# Pre-Wet?



## Bobby Ironsights (Nov 11, 2007)

Does anyone here pre wet their film?

It's par for the course with sheet film, but I wonder about doing it on my roll film.

 How/Would it affect developing times?

Bobby.


----------



## Flash Harry (Nov 11, 2007)

I've never pre-wet any film, sheet or otherwise, who told you this, its a fallacy. H


----------



## Chris of Arabia (Nov 11, 2007)

It's a while since I processed anything, but I never found the need. Then again, with the first 30 seconds spent inverting and tapping like Fred Astaire, there wasn't a snowball's chance in hell a bubble was going to settle anywhere on the film itself. As to wetting in advance, I can't think of any reason why dev time should be affected - so long as you've tipped all of the wetting liquid out.


----------



## JC1220 (Nov 11, 2007)

There is nothing wrong with doing pre-wetting or pre-washing of your film, although most modern films don't require it, always check the manufactures suggestions. 

Even so, some good reasons to do: it greatly reduces the likelyhood of air bubbles forming on the film, promotes even development and brings your film to the same temp as your developer. The most important of these is the even development, especially if you are using short development times.

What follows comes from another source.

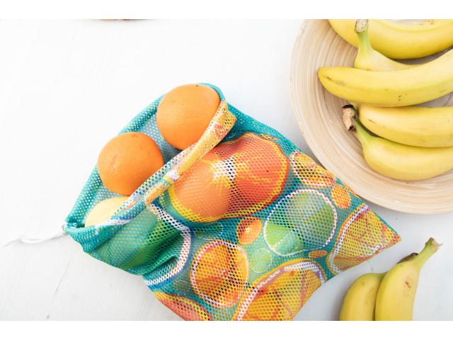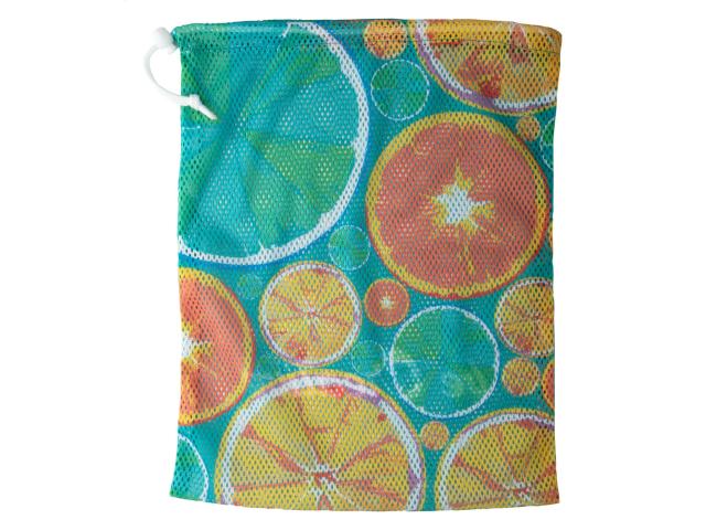 Custom made polyester mesh produce bag with drawstring closure. With all over sublimation printed graphics. MOQ: 50 pcs.

Development time, contrast or both may be affected depending on the film as the pre-wet will slow and dilute the initial developer contact.


----------



## Alpha (Nov 11, 2007)

I never do it currently for sheet because I'm developing stuff shot at ISO 12, so my developer concentration is so low (HC-110, 1:100) that it's not realy going to affect development consistency. I'll pre-wet the faster stuff though.


----------



## JC1220 (Nov 11, 2007)

ISO 12? niffty, what film?


----------



## Jeff Canes (Nov 12, 2007)

I do a pre-wash, not sure if it helps any, with Kodak or Ilford don&#8217;t recall much of change in the water color, but for Rollei and Efke (classis Adox emulsion) there is a change in the water color


----------



## Alpha (Nov 12, 2007)

JC1220 said:


> ISO 12? niffty, what film?



Kodak Contrast (Process Ortho). Absolutely zero grain. It is so unbelievably sharp.


----------



## pete1606 (Dec 16, 2007)

For 35mm film, it is not nessicary to pre soak your film in water. For large or medium format film it is nessicary. It softens the emulsion and ensures even application of the developer. You should see all the water when it comes our of my tank purple. It does make a difference for medium format.


----------